In 1933, Alfred Haar wrote a paper, entitled “The Concept of Measure in the Theory of Continuous Groups,” whose main objective was to construct a measure invariant to the action of a topological group. The importance of the paper must have been noticed immediately, and further studies followed shortly on its heels. Von Neumann proved the uniqueness of this measure in 1934. In 1937, Stefen Banach wrote an appendix about the Haar measure for a textbook about integration theory, and in 1940 both Weil and Cartan offered new uniqueness proofs. What is interesting and important about Haar's construction is that it leads (in most important cases) to a measure that is different from the Lebesgue measure by only a factor of proportionality. However, because the Haar measure is more general and abstract, it can illuminate and even justify the choice of the Lebesgue measure as the natural measure. In particular, the construction makes it easier to explain why we use the Lebesgue measure as a probability measure when it is defined as a volume measure.

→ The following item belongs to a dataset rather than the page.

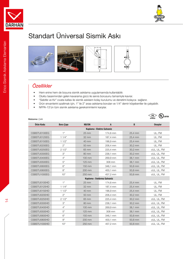 Erico Sismik Askılama Elemanları Standart Üniversal Sismik Askı Özellikler • • • • • Hem enine hem de boyuna sismik askılama uygulamarında kullanılabilir. Oluklu tasarımından gelen kavarama gücü ile servis borusunu tamamiyle kavrar. “Sabitle ve Kır” cıvata kafası ile sismik askıların kolay kurulumu ve denetimi kolayca sağlanır. Ürün envanterini azaltmak için, 1” ile 2” arası askılama boruları ve 1/4” demir köşebentler ile çalışabilir. NFPA-13’ün tüm sismik askılama gereksinimlerini karşılar. Malzeme: Çelik Ürün Kodu Boru Çapı NB/DN CSBSTU0100EG 1" 25 mm CSBSTU0125EG 1 1/4" CSBSTU0150EG 1 1/2" CSBSTU0200EG CSBSTU0250EG CSBSTU0300EG A B Onaylar 174,6 mm 25,4 mm UL, FM 32 mm 187,4 mm 25,4 mm UL, FM 40 mm 196,9 mm 25,4 mm UL, FM 2" 50 mm 206,4 mm 30,2 mm UL, FM 2 1/2" 65 mm 225,4 mm 30,2 mm cUL, UL, FM 3" 80 mm 238,1 mm 30,2 mm cUL, UL, FM CSBSTU0400EG 4" 100 mm 269,9 mm 38,1 mm cUL, UL, FM CSBSTU0500EG 5" 125 mm 308 mm 38,1 mm cUL, UL, FM CSBSTU0600EG 6" 150 mm 346,1 mm 50,8 mm cUL, UL, FM CSBSTU0800EG 8" 200 mm 400,1 mm 50,8 mm cUL, UL, FM CSBSTU1000EG 10" 250 mm 457,2 mm 50,8 mm cUL, UL, FM Kaplama : Elektro Galvaniz 14 Kaplama : Daldırma Galvaniz CSBSTU0100HD 1" 25 mm 174,6 mm 25,4 mm UL, FM CSBSTU0125HD 1 1/4" 32 mm 187,4 mm 25,4 mm UL, FM CSBSTU0150HD 1 1/2" 40 mm 196,9 mm 25,4 mm UL, FM CSBSTU0200HD 2" 50 mm 206,4 mm 30,2 mm UL, FM CSBSTU0250HD 2 1/2" 65 mm 225,4 mm 30,2 mm cUL, UL, FM CSBSTU0300HD 3" 80 mm 238,1 mm 30,2 mm cUL, UL, FM CSBSTU0400HD 4" 100 mm 269,9 mm 38,1 mm cUL, UL, FM CSBSTU0500HD 5" 125 mm 308 mm 38,1 mm cUL, UL, FM CSBSTU0600HD 6" 150 mm 346,1 mm 50,8 mm cUL, UL, FM CSBSTU0800HD 8" 200 mm 400,1 mm 50,8 mm cUL, UL, FM CSBSTU1000HD 10" 250 mm 457,2 mm 50,8 mm cUL, UL, FM Ürün Kodu ENLEMESİNE BOYLAMASINA Hafif Seri Boru Sch 10 Boru Sch 40 Boru Hafif Seri Boru Sch 10 Boru Sch 40 Boru CSBSTU0100xx N/A 2910 N 2910 N 2910 N 2910 N 2910 N CSBSTU0125xx 2910 N 2910 N 2910 N 2910 N 2910 N 2910 N CSBSTU0150xx 2910 N 2910 N 2910 N 2910 N 2910 N 2910 N CSBSTU0200xx 13340 N 13340 N 13340 N 8960 N 8960 N 8960 N CSBSTU0250xx 13340 N 13340 N 13340 N 8960 N 8960 N 8960 N CSBSTU0300xx 13340 N 13340 N 13340 N 8960 N 8960 N 8960 N CSBSTU0400xx 13340 N 13340 N 13340 N 8960 N 8960 N 8960 N CSBSTU0500xx 13340 N 13340 N 13340 N N/A 8960 N 8960 N CSBSTU0600xx 13340 N 13340 N 13340 N 8960 N 8960 N 8960 N CSBSTU0800xx N/A 13340 N 13340 N N/A 8960 N 8960 N CSBSTU1000xx N/A 13340 N 13340 N N/A 13340 N 13340 N Erico Sismik Askılama Elemanları UL® Yük Dayanımı FM® Yük Dayanımı Uygulama Açısına Göre Yük Dayanımı (Hafif Seri Boru, Sch 10, Sch 40 ) ENLEMESİNE Ürün Kodu BOYLAMASINA 30° - 44° 45° - 59° 60° - 74° 75° - 90° 30° - 44° 45° - 59° 60° - 74° 75° - 90° CSBSTU0100xx 3825 N 5425 N 6670 N 7430 N 4315 N 3200 N 3825 N 4270 N CSBSTU0125xx 3825 N 5425 N 6670 N 7430 N 4315 N 3200 N 3825 N 4270 N CSBSTU0150xx 3825 N 5425 N 6670 N 7430 N 4315 N 3200 N 3825 N 4270 N CSBSTU0200xx 6805 N 9610 N 11790 N 13165 N 3870 N 3070 N 3690 N 4136 N CSBSTU0250xx 6805 N 9610 N 11790 N 13165 N 3870 N 3070 N 3690 N 4136 N CSBSTU0300xx 6805 N 9610 N 11790 N 13165 N 3870 N 3070 N 3690 N 4136 N CSBSTU0400xx 6985 N 9875 N 12100 N 13480 N 6895 N 6185 N 7475 N 8320 N CSBSTU0500xx 6985 N 9875 N 12100 N 13480 N 6895 N 6185 N 7475 N 8320 N CSBSTU0600xx 8805 N 12500 N 15300 N 17080 N 6540 N 5205 N 6270 N 6985 N FM® Yük Dayanımı Uygulama Açısına Göre Yük Dayanımı 4.8 mm et kalınlığı, Sch 40 ) ENLEMESİNE Ürün Kodu 30° - 44° 45° - 59° 60° - 74° BOYLAMASINA 75° - 90° 30° - 44° 45° - 59° 60° - 74° 75° - 90° 9075 N 12855 N 15745 N 17570 N 5340 N 7560 N 9295 N 10365 N 9075 N 12855 N 15745 N 17570 N 5340 N 7560 N 9295 N 10365 N 15 CSBSTU0800xx CSBSTU1000xx
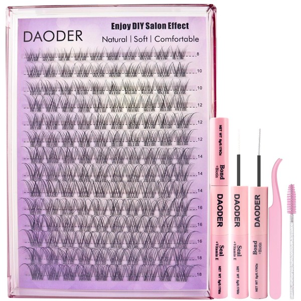 DAODER Natural Lash Clusters Kit DIY Wispy Lash Extension Kit 8-18MM Eyelash Extension Clusters D Curl Clear Band Cluster Lashes With WaterProof Lash Bond and Seal

The Haar measure is hardly unknown to mathematicians. In fact, for many mathematicians the Haar construction constitutes the foundation of their views on probabilities. It contains existence and uniqueness proofs in a fairly general setting, and it coincides with our pretheoretical notions of how probability measures ought to behave. However, the importance of the Haar measure is not due solely to its mathematical character.